Big Data
Data quality
- Provenance – the origin of the data: was this from a provider? Was the data scraped? Measured? If so, how reliable are the sensors?
- Metadata – data about data: documentation about the data format, provenance, and the various features.
- Representability – how well does the dataset represent the actual problem?
- Completeness – are there missing entries? Incorrect entries? Does the data suit our task?
- Suitability – “the organization should ensure that the data are suitable for its intended purpose”
- Impact of bias – “the organization should consider the impact of bias on system performance and system fairness and make such adjustments as necessary”
“Bad data” vs. “Good data”
Let’s look at how “bad data” can affect an AI system. Namely with the release of GPT-4o, there have been concerns with the model vocabulary in certain languages. Tianle Cai, a PhD student at Princeton University, found that out of the 100 longest Chinese tokens, only 3 were common enough to be used in everyday conversation. The remaining 97? All common in gambling, pornography, and scamming. Other languages did not exhibit this issue; they contain vocabulary reflective of news articles and other literature. OpenAI did not respond publicly to this incident, so we can only speculate on the root cause. A model learns its vocabulary from its training data, so that seems to imply that the Chinese training data contained a plethora of inappropriate content.
What impact does this have on ChatGPT? Users were able to jailbreak the AI system, generate inappropriate responses, and generate unrelated “garbage” responses.
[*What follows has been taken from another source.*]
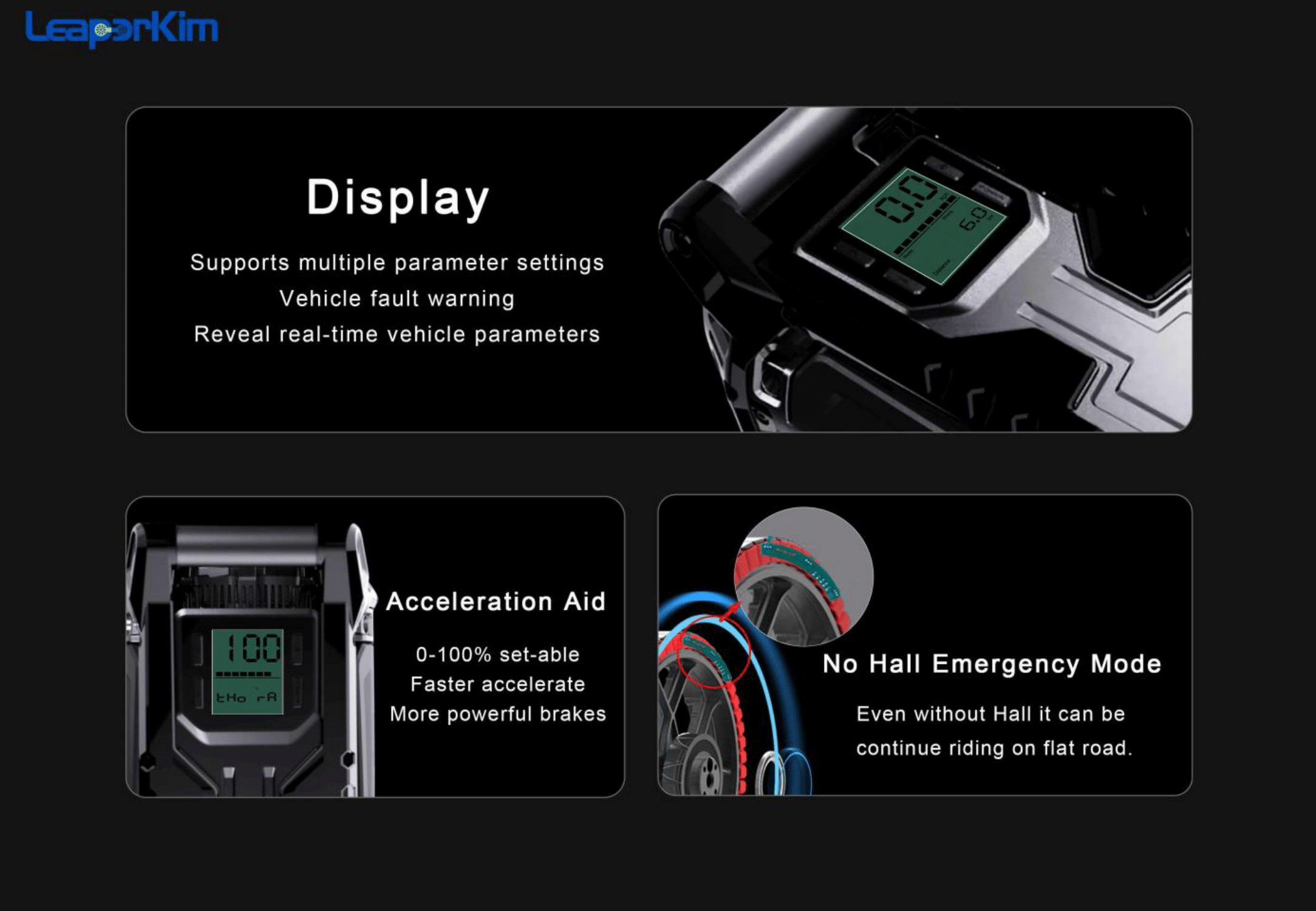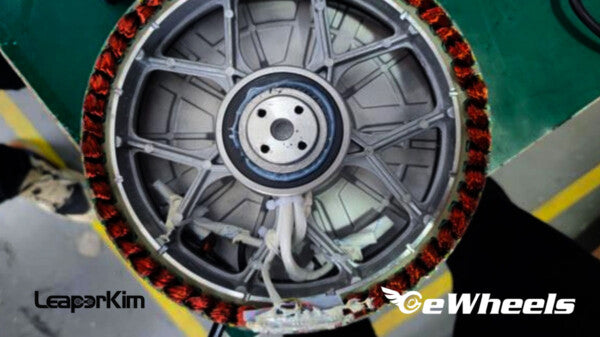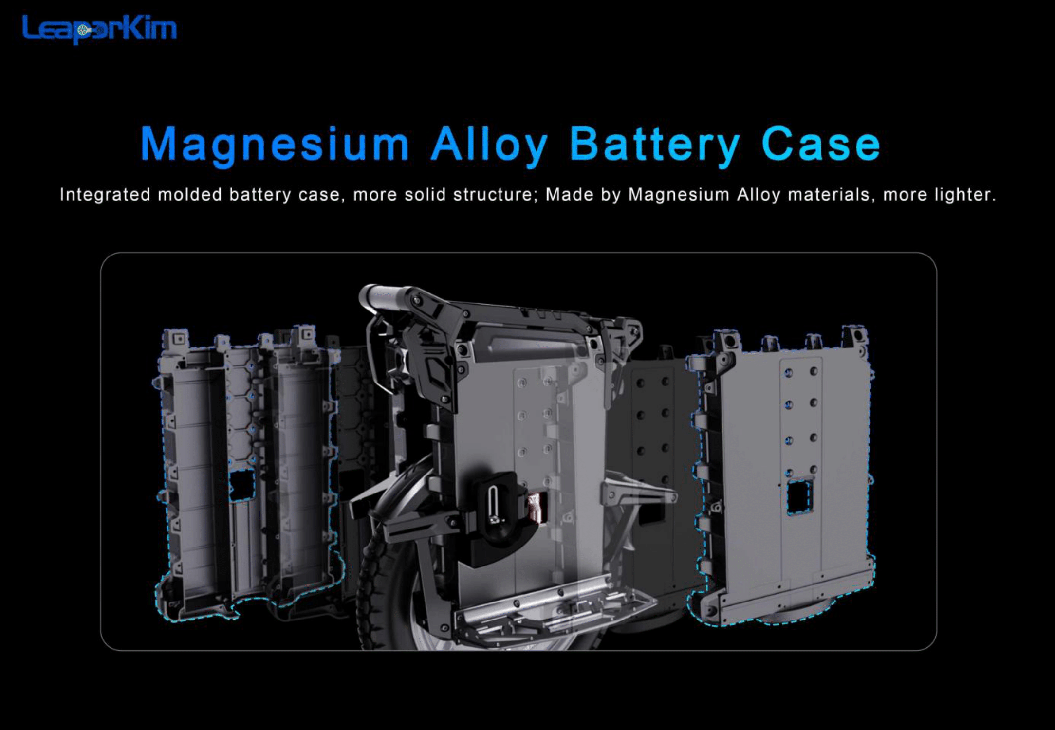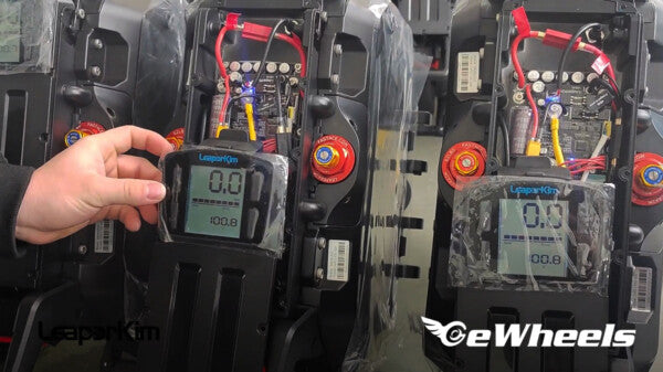 The 126V Samsung Packs use INR217000-50S cells, 2,220 watt-hour capacity (2 sets, 30 strings, 2 parallel configurations), and BMS monitoring for charging rate and temperature (more details to come). The new BMS allows for 20A max dual charge ports, allowing owners to fast charge their wheels last minute before a commute to the office or during a group ride rest stop. Leaperkim has also added anti-collision energy-absorption boxes to the packs, making them safer in a fall.

Most of these issues could’ve been avoided by analyzing the data provenance. For example, if the data comes from an inappropriate source (website in this case), it must be cleaned or prevented from being used.
This isn’t to say the ideas and technologies behind big data are inherently harmful. Indeed, they only grow in importance as the value of data rises. It seems like other technologies; big data didn’t look before it leaped. Reflecting on ChatGPT, it seems the sensible thing to do would be to slow down. In this case, OpenAI would have benefited from finding better data–not more data.